Is there an everywhere discontinuous increasing function?

There is no such function. Suppose that $f:\mathbb{R}\to\mathbb{R}$ is strictly increasing. For each $a\in\mathbb{R}$ let $f^-(a) =$ $\lim\limits_{x\to a^-}f(x)$ and $f^+(a) = \lim\limits_{x\to a^+}f(x)$. Then $f$ is discontinuous at $a$ if and only if $f^-(a) < f^+(a)$. Let $D = \{a\in\mathbb{R}:f\text{ is not continuous at }a\}$, and for each $a\in D$ let $q_a$ be a rational number in the non-empty open interval $I_a = (f^-(a),f^+(a))$.

It’s not hard to check that if $a,b \in D$ with $a<b$, then $f^+(a) \le f^-(b)$, so the intervals $I_a$ are pairwise disjoint. This implies that the rational numbers $q_a$ are all distinct. (If you want to be fancy, the function from $D$ to $\mathbb{Q}$ that sends $a$ to $q_a$ is injective.) But there are only countably many rational numbers, so the set $D$ must be countable. In other words, the function $f$ can have at most countably many points of discontinuity. And of course $\mathbb{R}$ is uncountable, so $f$ cannot be discontinuous everywhere.

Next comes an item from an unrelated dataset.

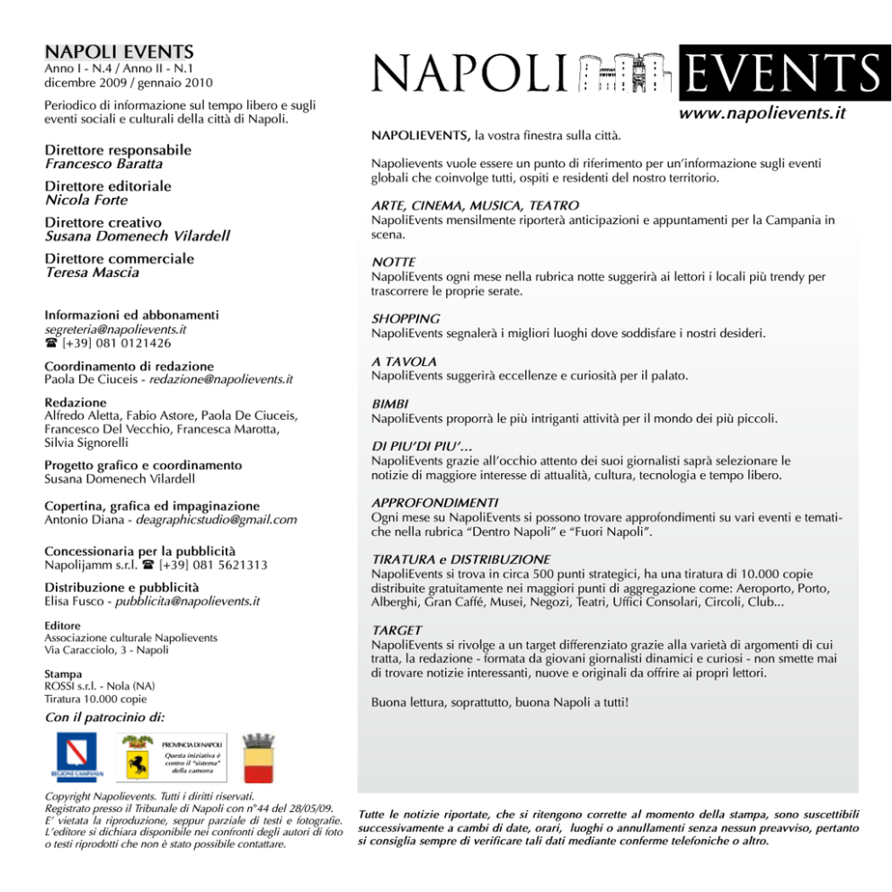 NAPOLI EVENTS Anno I - N.4 / Anno II - N.1 dicembre 2009 / gennaio 2010 Periodico di informazione sul tempo libero e sugli eventi sociali e culturali della città di Napoli. Direttore responsabile Francesco Baratta Direttore editoriale Nicola Forte Direttore creativo Susana Domenech Vilardell www.napolievents.it NAPOLIEVENTS, la vostra finestra sulla città. Napolievents vuole essere un punto di riferimento per un’informazione sugli eventi globali che coinvolge tutti, ospiti e residenti del nostro territorio. ARTE, CINEMA, MUSICA, TEATRO NapoliEvents mensilmente riporterà anticipazioni e appuntamenti per la Campania in scena. Direttore commerciale Teresa Mascia NOTTE NapoliEvents ogni mese nella rubrica notte suggerirà ai lettori i locali più trendy per trascorrere le proprie serate. Informazioni ed abbonamenti [email protected] ( [+39] 081 0121426 SHOPPING NapoliEvents segnalerà i migliori luoghi dove soddisfare i nostri desideri. Coordinamento di redazione Paola De Ciuceis - [email protected] A TAVOLA NapoliEvents suggerirà eccellenze e curiosità per il palato. Redazione Alfredo Aletta, Fabio Astore, Paola De Ciuceis, Francesco Del Vecchio, Francesca Marotta, Silvia Signorelli BIMBI NapoliEvents proporrà le più intriganti attività per il mondo dei più piccoli. Progetto grafico e coordinamento Susana Domenech Vilardell Copertina, grafica ed impaginazione Antonio Diana - [email protected] Concessionaria per la pubblicità Napolijamm s.r.l. ( [+39] 081 5621313 Distribuzione e pubblicità Elisa Fusco - [email protected] Editore Associazione culturale Napolievents Via Caracciolo, 3 - Napoli Stampa ROSSI s.r.l. - Nola (NA) Tiratura 10.000 copie DI PIU’DI PIU’… NapoliEvents grazie all’occhio attento dei suoi giornalisti saprà selezionare le notizie di maggiore interesse di attualità, cultura, tecnologia e tempo libero. APPROFONDIMENTI Ogni mese su NapoliEvents si possono trovare approfondimenti su vari eventi e tematiche nella rubrica “Dentro Napoli” e “Fuori Napoli”. TIRATURA e DISTRIBUZIONE NapoliEvents si trova in circa 500 punti strategici, ha una tiratura di 10.000 copie distribuite gratuitamente nei maggiori punti di aggregazione come: Aeroporto, Porto, Alberghi, Gran Caffé, Musei, Negozi, Teatri, Uffici Consolari, Circoli, Club... TARGET NapoliEvents si rivolge a un target differenziato grazie alla varietà di argomenti di cui tratta, la redazione - formata da giovani giornalisti dinamici e curiosi - non smette mai di trovare notizie interessanti, nuove e originali da offrire ai propri lettori. Buona lettura, soprattutto, buona Napoli a tutti! Con il patrocinio di: PROVINCIA DI NAPOLI Questa iniziativa è contro il “sistema” della camorra Copyright Napolievents. Tutti i diritti riservati. Registrato presso il Tribunale di Napoli con n°44 del 28/05/09. E’ vietata la riproduzione, seppur parziale di testi e fotografie. L’editore si dichiara disponibile nei confronti degli autori di foto o testi riprodotti che non è stato possibile contattare. Tutte le notizie riportate, che si ritengono corrette al momento della stampa, sono suscettibili successivamente a cambi di date, orari, luoghi o annullamenti senza nessun preavviso, pertanto si consiglia sempre di verificare tali dati mediante conferme telefoniche o altro. 2 3 Sommario EDITORIALE N.4 - dicembre 2009 / N.1 - gennaio 2010 EDITORIALE 3 ARTE TEATRO 10 La clemenza di Tito - Il Sud non è forse! - Zio Vanja - Enrico IV - L’oro di Napoli - Natale in casa Cupiello... MUSICA 26 Kaleidoscope Festival - The Dodos Giorgio Canali e Rossofuoco Cristiano De Andrè - Mario Biondi... NOTTE Bluestone - Evaluna - Tender Dug Out... SHOPPING Doni sotto l’albero - Mirlinum... FUORI PORTA 42 4 Carsten Nicolai - S. Keenleyside Ritorno al Barocco - Rebeca Menéndez - Barock - D.Santanelli... CINEMA 18 Capri/Hollywood, International Film Festival - A Christmas Carol - Io, loro e Lara - Cineforum... A TAVOLA Il Natale tra tradizione e gastronomia - La Chiacchierata Casa del nonno 13... BIMBI 58 80 Festa del torrone e del croccantino Luci d’artista - Benevento città luce Mercatino delle strenne natalizie... Disney live, le più belle fiabe Disney - La bella addormentata Il secolo d’oro... DI PIU’ DI PIU’ 34 46 62 Showcolate, la mostra del cioccolato Natale in mostra... PASSEGGIANDO TRA I SEGNI DELLA MEMORIA... Non sempre, anzi, quasi mai, il cuore di una città pulsa lì dove è il suo centro rappresentativo istituzionale, o dove si distendono le sue vie più eleganti dal lusso fastoso e raffinato. Così, come l’anima più vera di Roma vibra non a Via del Corso o a Piazza Colonna, ma tra le romantiche rovine del monte Palatino, il cuore di Napoli pulsa non al Vomero o a Palazzo San Giacomo, bensì nella stretta via di San Gregorio Armeno.Questa via fu già il cardine maggiore dell’antica Neapolis, congiungendo l’agorà - centro politico, civile e sociale della città - al decumano inferiore, l’arteria longitudinale ricca di vita, di movimento, di traffici. Il tracciato delle antiche strade resta immutato sotto lo stratificarsi delle memorie. Questa strada è oggi nota al gran pubblico come via dei “presepi” o “dei pastori”, è infatti il centro, oltre che della statuaria sacra in legno e cartapesta, di quell’artigianato delle figurine in creta, il cui ricordo toponomastico è conservato da una viuzza tra il decumano e il Grande Archivio che ancora porta il significativo nome di “via dei Figurari”. Ma, nella ricerca dei delle figurine con cui popolare il tuo presepe, o passeggiero curioso, non lasciarti sfuggire i segni della memoria, i segni della leggenda e della storia che sono i tratti distintivi dell’anima d’un popolo. Sul luogo della basilica romana si eleva la chiesa di san Lorenzo Maggiore, che il popolo chiama “chiesa di Sant’Antonio”: una pregevole, straordinaria immagine riceve la calda devozione che i Napoletani tributano all’affascinante taumaturgo di Padova. I

Another way to see that it is impossible to have uncountably many of these "gaps" is to first consider the restriction of $f$ to a bounded interval $(a,b)$, where it is bounded. If $\varepsilon>0$, the number of points in $(a,b)$ where there is a gap of size greater than $\varepsilon$ is finite, less than $\frac{1}{\varepsilon}(f(b)-f(a))$. Taking countably many $\varepsilon$s going to zero allows you to conclude that there are only countably many discontinuities in $(a,b)$. Taking countably many $(a,b)$s whose union is $\mathbb R$ allows you to finish.